Records contained in a dataset
=== Section Start ===

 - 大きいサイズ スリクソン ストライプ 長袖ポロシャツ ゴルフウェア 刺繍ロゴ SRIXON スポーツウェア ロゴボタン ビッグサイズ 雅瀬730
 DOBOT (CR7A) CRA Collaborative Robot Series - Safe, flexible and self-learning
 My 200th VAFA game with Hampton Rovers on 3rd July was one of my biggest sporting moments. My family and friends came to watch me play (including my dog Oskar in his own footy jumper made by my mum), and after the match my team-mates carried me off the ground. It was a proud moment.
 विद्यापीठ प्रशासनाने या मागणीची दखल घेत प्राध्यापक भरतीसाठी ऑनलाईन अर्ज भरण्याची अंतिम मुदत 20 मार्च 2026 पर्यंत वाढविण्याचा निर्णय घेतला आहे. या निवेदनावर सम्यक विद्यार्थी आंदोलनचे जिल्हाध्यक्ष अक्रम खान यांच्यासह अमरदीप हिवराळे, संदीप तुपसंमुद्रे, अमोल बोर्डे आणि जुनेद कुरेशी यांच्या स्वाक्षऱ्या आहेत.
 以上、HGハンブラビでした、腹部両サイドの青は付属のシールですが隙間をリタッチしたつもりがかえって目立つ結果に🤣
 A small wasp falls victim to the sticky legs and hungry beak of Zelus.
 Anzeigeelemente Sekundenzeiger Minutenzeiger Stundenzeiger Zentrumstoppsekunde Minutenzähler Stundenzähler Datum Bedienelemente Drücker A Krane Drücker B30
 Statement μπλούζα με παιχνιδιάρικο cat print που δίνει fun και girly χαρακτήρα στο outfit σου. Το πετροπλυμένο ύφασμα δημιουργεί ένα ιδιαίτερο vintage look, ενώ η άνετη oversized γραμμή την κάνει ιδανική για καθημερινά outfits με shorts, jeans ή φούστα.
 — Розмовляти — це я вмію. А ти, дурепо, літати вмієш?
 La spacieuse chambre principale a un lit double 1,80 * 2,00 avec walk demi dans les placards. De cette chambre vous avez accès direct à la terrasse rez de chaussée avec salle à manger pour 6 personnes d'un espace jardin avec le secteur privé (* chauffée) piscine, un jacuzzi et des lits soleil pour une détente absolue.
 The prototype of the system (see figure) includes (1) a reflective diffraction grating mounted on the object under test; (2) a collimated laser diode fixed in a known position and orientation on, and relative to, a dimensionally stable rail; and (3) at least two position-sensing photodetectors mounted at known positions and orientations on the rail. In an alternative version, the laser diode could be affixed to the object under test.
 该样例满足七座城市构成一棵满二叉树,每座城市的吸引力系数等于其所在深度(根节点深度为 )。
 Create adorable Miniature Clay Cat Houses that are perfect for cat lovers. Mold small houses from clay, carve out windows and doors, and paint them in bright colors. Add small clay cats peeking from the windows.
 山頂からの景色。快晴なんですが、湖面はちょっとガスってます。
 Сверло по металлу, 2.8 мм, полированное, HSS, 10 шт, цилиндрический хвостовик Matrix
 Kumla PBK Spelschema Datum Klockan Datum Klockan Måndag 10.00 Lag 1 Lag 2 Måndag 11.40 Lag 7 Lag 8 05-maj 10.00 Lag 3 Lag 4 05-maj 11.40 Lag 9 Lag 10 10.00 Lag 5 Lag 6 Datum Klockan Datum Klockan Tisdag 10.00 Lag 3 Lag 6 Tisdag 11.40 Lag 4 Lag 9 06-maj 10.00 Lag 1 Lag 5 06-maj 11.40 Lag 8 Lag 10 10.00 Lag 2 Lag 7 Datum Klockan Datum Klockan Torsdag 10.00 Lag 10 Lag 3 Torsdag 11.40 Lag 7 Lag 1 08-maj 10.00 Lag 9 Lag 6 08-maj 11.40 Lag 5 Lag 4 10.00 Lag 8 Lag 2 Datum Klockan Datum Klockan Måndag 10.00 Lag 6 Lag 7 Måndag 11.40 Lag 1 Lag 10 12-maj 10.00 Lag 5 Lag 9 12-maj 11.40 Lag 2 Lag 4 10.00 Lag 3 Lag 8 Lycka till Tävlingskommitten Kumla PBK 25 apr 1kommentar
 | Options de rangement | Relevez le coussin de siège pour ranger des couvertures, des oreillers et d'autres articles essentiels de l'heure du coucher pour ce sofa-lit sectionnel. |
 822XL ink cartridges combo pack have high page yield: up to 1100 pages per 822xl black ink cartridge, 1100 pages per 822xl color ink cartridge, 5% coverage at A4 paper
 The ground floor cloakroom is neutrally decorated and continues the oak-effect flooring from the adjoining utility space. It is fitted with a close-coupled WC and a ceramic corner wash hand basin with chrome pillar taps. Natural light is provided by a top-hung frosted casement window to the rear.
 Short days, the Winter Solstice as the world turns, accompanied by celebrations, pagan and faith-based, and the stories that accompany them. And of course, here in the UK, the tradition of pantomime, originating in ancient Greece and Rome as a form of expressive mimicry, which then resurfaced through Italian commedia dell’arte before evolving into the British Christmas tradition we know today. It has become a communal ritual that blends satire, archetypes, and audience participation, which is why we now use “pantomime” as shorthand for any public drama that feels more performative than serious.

=== Section End ===

Print out each line of the data exactly.

 - 大きいサイズ スリクソン ストライプ 長袖ポロシャツ ゴルフウェア 刺繍ロゴ SRIXON スポーツウェア ロゴボタン ビッグサイズ 雅瀬730
 DOBOT (CR7A) CRA Collaborative Robot Series - Safe, flexible and self-learning
 My 200th VAFA game with Hampton Rovers on 3rd July was one of my biggest sporting moments. My family and friends came to watch me play (including my dog Oskar in his own footy jumper made by my mum), and after the match my team-mates carried me off the ground. It was a proud moment.
 विद्यापीठ प्रशासनाने या मागणीची दखल घेत प्राध्यापक भरतीसाठी ऑनलाईन अर्ज भरण्याची अंतिम मुदत 20 मार्च 2026 पर्यंत वाढविण्याचा निर्णय घेतला आहे. या निवेदनावर सम्यक विद्यार्थी आंदोलनचे जिल्हाध्यक्ष अक्रम खान यांच्यासह अमरदीप हिवराळे, संदीप तुपसंमुद्रे, अमोल बोर्डे आणि जुनेद कुरेशी यांच्या स्वाक्षऱ्या आहेत.
 以上、HGハンブラビでした、腹部両サイドの青は付属のシールですが隙間をリタッチしたつもりがかえって目立つ結果に🤣
 A small wasp falls victim to the sticky legs and hungry beak of Zelus.
 Anzeigeelemente Sekundenzeiger Minutenzeiger Stundenzeiger Zentrumstoppsekunde Minutenzähler Stundenzähler Datum Bedienelemente Drücker A Krane Drücker B30
 Statement μπλούζα με παιχνιδιάρικο cat print που δίνει fun και girly χαρακτήρα στο outfit σου. Το πετροπλυμένο ύφασμα δημιουργεί ένα ιδιαίτερο vintage look, ενώ η άνετη oversized γραμμή την κάνει ιδανική για καθημερινά outfits με shorts, jeans ή φούστα.
 — Розмовляти — це я вмію. А ти, дурепо, літати вмієш?
 La spacieuse chambre principale a un lit double 1,80 * 2,00 avec walk demi dans les placards. De cette chambre vous avez accès direct à la terrasse rez de chaussée avec salle à manger pour 6 personnes d'un espace jardin avec le secteur privé (* chauffée) piscine, un jacuzzi et des lits soleil pour une détente absolue.
 The prototype of the system (see figure) includes (1) a reflective diffraction grating mounted on the object under test; (2) a collimated laser diode fixed in a known position and orientation on, and relative to, a dimensionally stable rail; and (3) at least two position-sensing photodetectors mounted at known positions and orientations on the rail. In an alternative version, the laser diode could be affixed to the object under test.
 该样例满足七座城市构成一棵满二叉树,每座城市的吸引力系数等于其所在深度(根节点深度为 )。
 Create adorable Miniature Clay Cat Houses that are perfect for cat lovers. Mold small houses from clay, carve out windows and doors, and paint them in bright colors. Add small clay cats peeking from the windows.
 山頂からの景色。快晴なんですが、湖面はちょっとガスってます。
 Сверло по металлу, 2.8 мм, полированное, HSS, 10 шт, цилиндрический хвостовик Matrix
 Kumla PBK Spelschema Datum Klockan Datum Klockan Måndag 10.00 Lag 1 Lag 2 Måndag 11.40 Lag 7 Lag 8 05-maj 10.00 Lag 3 Lag 4 05-maj 11.40 Lag 9 Lag 10 10.00 Lag 5 Lag 6 Datum Klockan Datum Klockan Tisdag 10.00 Lag 3 Lag 6 Tisdag 11.40 Lag 4 Lag 9 06-maj 10.00 Lag 1 Lag 5 06-maj 11.40 Lag 8 Lag 10 10.00 Lag 2 Lag 7 Datum Klockan Datum Klockan Torsdag 10.00 Lag 10 Lag 3 Torsdag 11.40 Lag 7 Lag 1 08-maj 10.00 Lag 9 Lag 6 08-maj 11.40 Lag 5 Lag 4 10.00 Lag 8 Lag 2 Datum Klockan Datum Klockan Måndag 10.00 Lag 6 Lag 7 Måndag 11.40 Lag 1 Lag 10 12-maj 10.00 Lag 5 Lag 9 12-maj 11.40 Lag 2 Lag 4 10.00 Lag 3 Lag 8 Lycka till Tävlingskommitten Kumla PBK 25 apr 1kommentar
 | Options de rangement | Relevez le coussin de siège pour ranger des couvertures, des oreillers et d'autres articles essentiels de l'heure du coucher pour ce sofa-lit sectionnel. |
 822XL ink cartridges combo pack have high page yield: up to 1100 pages per 822xl black ink cartridge, 1100 pages per 822xl color ink cartridge, 5% coverage at A4 paper
 The ground floor cloakroom is neutrally decorated and continues the oak-effect flooring from the adjoining utility space. It is fitted with a close-coupled WC and a ceramic corner wash hand basin with chrome pillar taps. Natural light is provided by a top-hung frosted casement window to the rear.
 Short days, the Winter Solstice as the world turns, accompanied by celebrations, pagan and faith-based, and the stories that accompany them. And of course, here in the UK, the tradition of pantomime, originating in ancient Greece and Rome as a form of expressive mimicry, which then resurfaced through Italian commedia dell’arte before evolving into the British Christmas tradition we know today. It has become a communal ritual that blends satire, archetypes, and audience participation, which is why we now use “pantomime” as shorthand for any public drama that feels more performative than serious.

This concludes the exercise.